(DATA Opens)
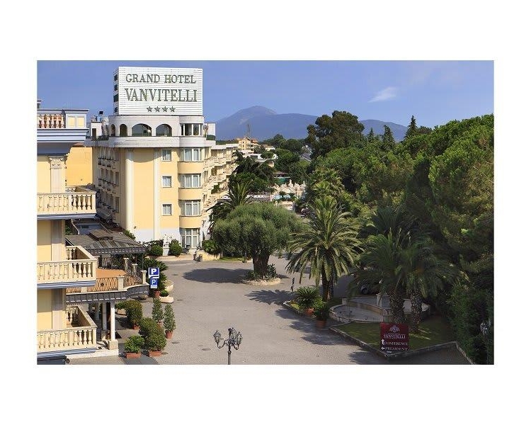 The Grand Hotel Vanvitelli is a unique icon of hospitality in the region of Campania. It is also well known for its attention to the needs of its guests. The hotel is strategically located just two kilometres from the famous Reggia Palace in Caserta and a short distance from the airport in Capodichino and the centre of Naples. The Grand Hotel Vanvitelli has one of the largest conference centres in the region-offering 16 modern rooms with a seating capacity of up to 500 people- as well as six smaller rooms for more private meetings. The hotel also has a large- free car park for guests- five restaurants- a fitness centre and an elegant SPA where you can regenerate your body and mind. The elegance of its ample spaces and the rare beauty of its surroundings make the Grand Hotel Vanvitelli a prestigious choice for any event.
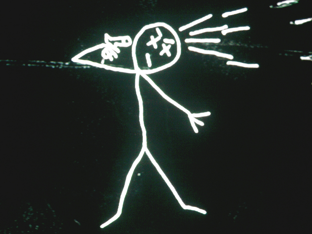 Description: A drawing of a person with a knife in his hand and a light shining on him.
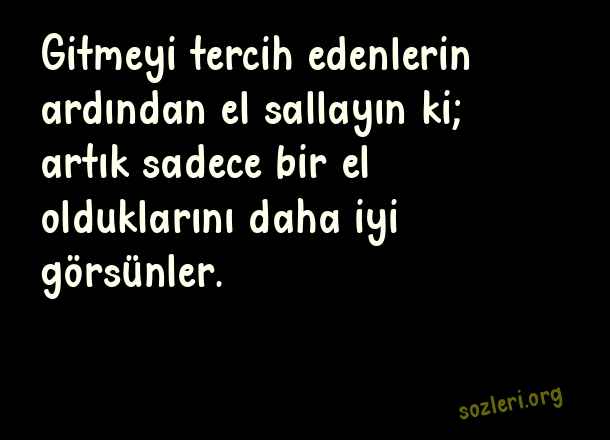 Gitmeyi tercih edenlerin ardından el sallayın ki; artık sadece bir el olduklarını daha iyi görsünler. ( Giden Sevgiliye Sözler )
(DATA Closes)
=== DESCRIPTION OF THE TASK ===
Write out the data in full and exactly as given, though without the images.

=== SOLUTION TO THIS TASK ===
 The Grand Hotel Vanvitelli is a unique icon of hospitality in the region of Campania. It is also well known for its attention to the needs of its guests. The hotel is strategically located just two kilometres from the famous Reggia Palace in Caserta and a short distance from the airport in Capodichino and the centre of Naples. The Grand Hotel Vanvitelli has one of the largest conference centres in the region-offering 16 modern rooms with a seating capacity of up to 500 people- as well as six smaller rooms for more private meetings. The hotel also has a large- free car park for guests- five restaurants- a fitness centre and an elegant SPA where you can regenerate your body and mind. The elegance of its ample spaces and the rare beauty of its surroundings make the Grand Hotel Vanvitelli a prestigious choice for any event.
 Description: A drawing of a person with a knife in his hand and a light shining on him.
 Gitmeyi tercih edenlerin ardından el sallayın ki; artık sadece bir el olduklarını daha iyi görsünler. ( Giden Sevgiliye Sözler )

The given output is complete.